In these strange political times, it’s very fashionable to trash men. ‘Toxic masculinity’ has become the prefabricated phrase of choice bolted on to every problem involving men. Such lazy use of language would have George Orwell turning in his grave. The toxic masculinity argument demands that men need to be fixed, re-educated and reprogrammed. This baseless assumption, founded on nonsense psychologism, is deeply insulting. What would happen if another identity group were told that they were flawed and lacking, and must be re-educated? We’re in danger of returning to the days when pathologising certain groups was regarded as normal – when homosexuality was treated and accepted as a mental illness, of women were labelled hysterics.

This simplification and stereotyping is a key factor of identity politics, especially within the more authoritarian left, which has a propensity to diagnose how other groups act as oppressors. (The classic example being that white males are supposedly racist and exude damaging toxic masculinity.) This becomes problematic when people who are supposedly being protected from such oppression don’t agree with the ideology. For example, not all women, trans or gay people want to be dictated to or spoken for. This reluctance to accept the popular idea of toxic masculinity is often met with accusations of being in denial or suffering from internalised misogyny. Rather than celebrating difference, the psychologism of toxic masculinity alienates the individual from their own subjectivity, negating his or her own ability to write their own narrative.

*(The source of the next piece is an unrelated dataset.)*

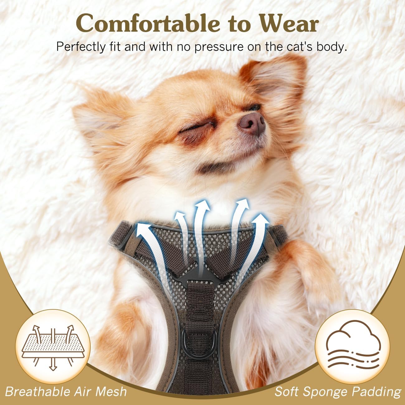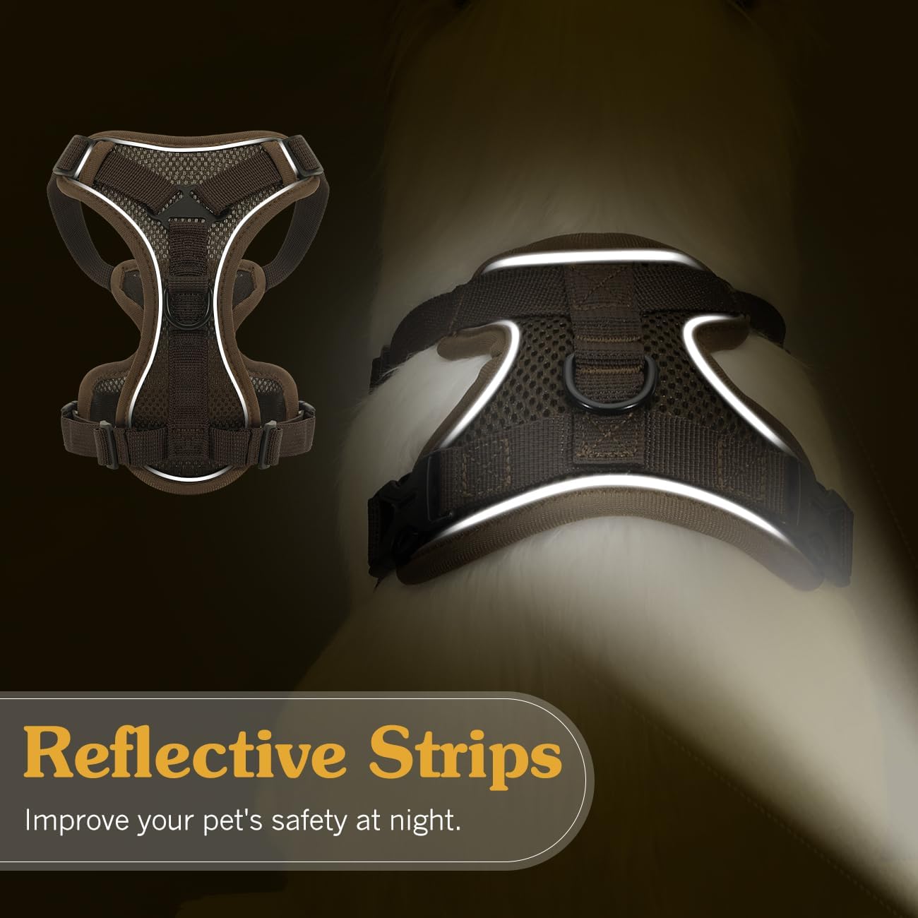 Комплект котешки нагръдник и каишка за разходки, регулируем нагръдник за котенца, дишаща мрежа със светлоотразителни ленти, мека жилетка за безопасност на домашни любимци за котки, котенца, кученца, XL, кафе
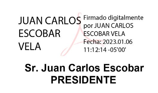 Juan Carlos Escobar Vela, en mi calidad de Presidente de la Compañía TAXI SERVICIOS TAX –SERV C.A. y de conformidad con lo dispuesto en los artículos 230-231 con sus numerales 1, 2, 3, 4, 5, así como lo que dispone en los artículos, 234236 – 237 – 238 inciso segundo y 239 de la ley de compañías y, de acuerdo a lo que dispone los Artículos 9, 10, 11, 12, 13, y 14 del Estatuto Social, convoco a Junta General Ordinaria de Accionistas de la Compañía, la misma que se llevará a cabo de manera presencial en la sede social del Conjunto Habitacional la LUZ ubicada en las calles Jijón Caamaño y Rafael Ramos, Distrito Metropolitano de Quito, Provincia de Pichincha, el día Sábado 21 de Enero del 2023, a las 09h30 horas para tratar los siguientes puntos del Orden del Día:

As Michel Foucault and Franco ‘Bifo’ Berardi outlined, in highly controlling societies the perfect prison is one in which individuals police themselves. Toxic masculinity, and the reification of masculinity, has created a panoptic psychological regime to guard against what is considered to be Orwellian wrongthink. The norm is supporting Safe Spaces, PC culture and identity politics, and any criticism is immediately condemned as being caused by toxic masculinity. The psychoanalyst Roland Gori argues that people crave this ‘security’ of the norm, as it relieves them from the dizzying ‘groundlessness’ of heterogeneousness which resides outside the norm. In order to maintain our freedom and liberty, we have to reject the idea that security is found in conformity.

Let’s be honest. Pretty much the only identity group that it is considered acceptable to pathologise is men. Like the witch-hunts of old, men must admit to the sin of toxic masculinity, and be purged, or else face persecution. It is time to call out the narrative of toxic masculinity for what it really is – a toxic idea.